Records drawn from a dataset
============

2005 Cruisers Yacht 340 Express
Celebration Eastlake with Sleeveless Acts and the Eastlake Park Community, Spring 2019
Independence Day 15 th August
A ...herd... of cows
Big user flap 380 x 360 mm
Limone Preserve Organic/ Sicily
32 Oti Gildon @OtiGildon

============

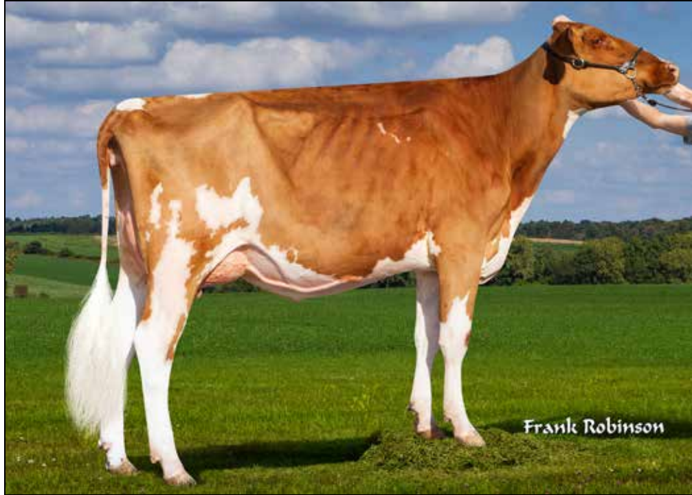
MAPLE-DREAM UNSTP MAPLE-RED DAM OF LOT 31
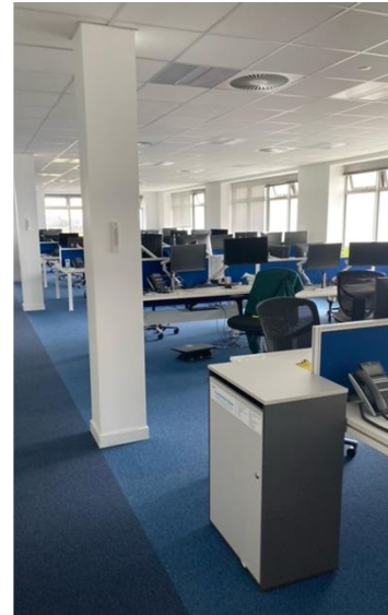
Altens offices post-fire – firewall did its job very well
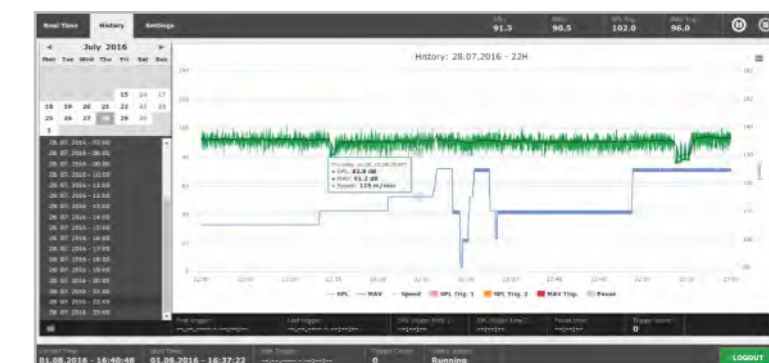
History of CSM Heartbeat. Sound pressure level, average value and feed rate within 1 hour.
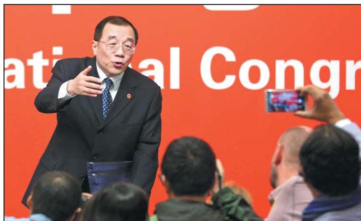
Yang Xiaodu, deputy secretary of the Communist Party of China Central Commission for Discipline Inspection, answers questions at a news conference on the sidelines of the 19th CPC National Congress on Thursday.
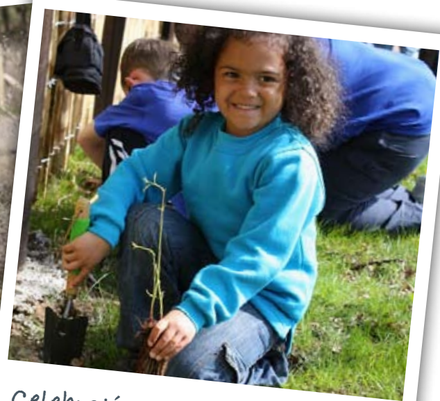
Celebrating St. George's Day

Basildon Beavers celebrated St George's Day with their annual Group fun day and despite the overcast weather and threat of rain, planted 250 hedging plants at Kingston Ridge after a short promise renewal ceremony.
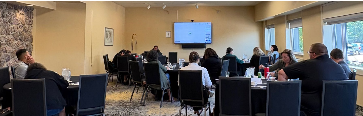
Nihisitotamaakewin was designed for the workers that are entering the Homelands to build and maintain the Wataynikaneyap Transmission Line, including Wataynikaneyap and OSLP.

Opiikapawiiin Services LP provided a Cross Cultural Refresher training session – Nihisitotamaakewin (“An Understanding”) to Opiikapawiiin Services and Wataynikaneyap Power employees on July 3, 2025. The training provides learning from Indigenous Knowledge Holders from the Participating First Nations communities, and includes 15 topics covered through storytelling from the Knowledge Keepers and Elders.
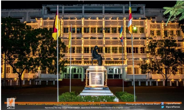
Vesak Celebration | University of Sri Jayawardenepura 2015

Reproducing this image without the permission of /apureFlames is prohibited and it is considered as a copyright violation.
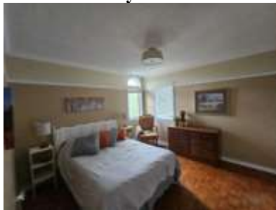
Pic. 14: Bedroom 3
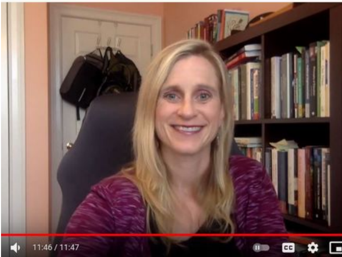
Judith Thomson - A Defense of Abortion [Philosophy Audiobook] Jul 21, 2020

============

WHAT THE TASK REQUIRES
Using the entries above, reproduce word for word only the lines from the one that contains "Nihisitotamaakewin was designed" to the one that contains "Judith Thomson - A", both ends included, and drop every picture.

YOUR SOLUTION
Nihisitotamaakewin was designed for the workers that are entering the Homelands to build and maintain the Wataynikaneyap Transmission Line, including Wataynikaneyap and OSLP.

Opiikapawiiin Services LP provided a Cross Cultural Refresher training session – Nihisitotamaakewin (“An Understanding”) to Opiikapawiiin Services and Wataynikaneyap Power employees on July 3, 2025. The training provides learning from Indigenous Knowledge Holders from the Participating First Nations communities, and includes 15 topics covered through storytelling from the Knowledge Keepers and Elders.
Vesak Celebration | University of Sri Jayawardenepura 2015

Reproducing this image without the permission of /apureFlames is prohibited and it is considered as a copyright violation.
Pic. 14: Bedroom 3
Judith Thomson - A Defense of Abortion [Philosophy Audiobook] Jul 21, 2020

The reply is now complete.